Eugene Tian, ​​head of research and statistics for the state of Hawaii, said the supply chain problem was not as bad in Hawaii as it was on the mainland.

In fact, data shows that goods continue to flow and change hands in Aloha State. Hawaii’s retail and wholesale sales have increased since March 2021 due to the recovery in tourism.

The real impact of the shortage in the supply chain is on the price, Tian said. The price of raw materials in Hawaii – that’s the average price of a good – rose 7% in the second half of 2021, and the overall amount for 2021 rose 5.3%, the highest of Last 10 years.

How important is a jump?

“The 5.3% increase in commodity prices in 2021 was the highest since 1991,” Tian said.

Add to that the fact that Hawaiian business bankruptcy filings fell 8.1% in 2020 and fell even more, 22.3%, in 2021, and the numbers show supplies are being bought – just at a rate more expensive – and businesses remain open.

“The statistics above show that the impact of the supply chain is mainly on price, not on volume,” Tian explained.

On the island of Hawai’i, businesses are experiencing what businesses around the world face, said Dennis Boyd, executive director of the Small Business Development Center: Goods are hard to find.

“It’s such a big problem, a mega-problem, we can’t really help them much,” Boyd said of the small businesses that come to the organization to seek advice and guidance on how to navigate. in the business world. “It’s already part of the standard. “

The development center, with an office in Kailua-Kona, provides professional advice, research and training to business owners and new entrepreneurs to promote economic growth.

One trend Boyd said he noticed locally during the recent COVID and supply chain disruption is the type of companies that are now entering the market. Individuals always open new businesses, but these operations are less property-oriented and more sole-proprietorship that provide services rather than supplies.

The numbers show it.

In 2019, the center assisted 101 clients statewide, which represented $ 32.5 million of capital injection in the form of loans and various other costs. In 2020, he helped 69 clients, representing $ 29 million. In 2021, it has grown to 73 people but to $ 22.2 million.

People still venture into the business world, but with less. It’s a trend Boyd said he expects to continue into 2022.

“We have seen more people launching as individual entrepreneurs,” he said. “They are still entrepreneurs … People are quite resilient.”

During this time, Kaloko furniture has its clearance sale until February 28.

While the shortage of the supply chain was the main factor behind the store’s closure, it was not the only one.

Inflation and difficulty finding workers were also part of the problem for owners, said Oliver Kiel. If they were to stay, their rent would go up and they had to call ex-employees to come to work in an emergency, so short-staffed they were sometimes.

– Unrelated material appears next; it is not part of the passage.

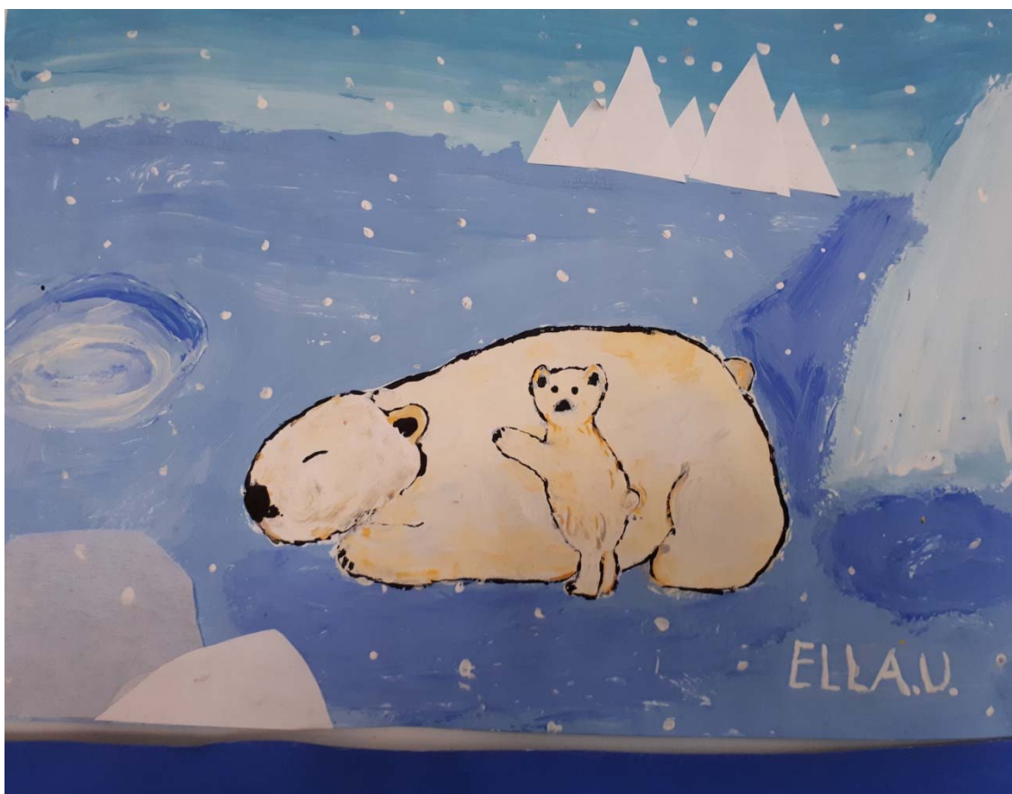
Výtvarná práce žákyně 3. třídy

The unemployment rate in Hawaii is around 6%. That’s a far cry from around 20% during the peak of the shutdown, but higher than the 2% it was at before the pandemic. It has been difficult to find people, as the national reports say, who want to return to work.

All of this together means it’s time to move on, Kiel said.

He’s lucky, he says, because he’s worked his whole life and whatever chapter comes next will be to complete his retirement. He has two hands and will be ready for anything, so the new phase in his life comes with some excitement as well. But he empathizes with companies that have to navigate the current climate for the foreseeable future just to make a living.

“It’s really tricky,” he said. “Nobody has anything… Everyone has the same problem.”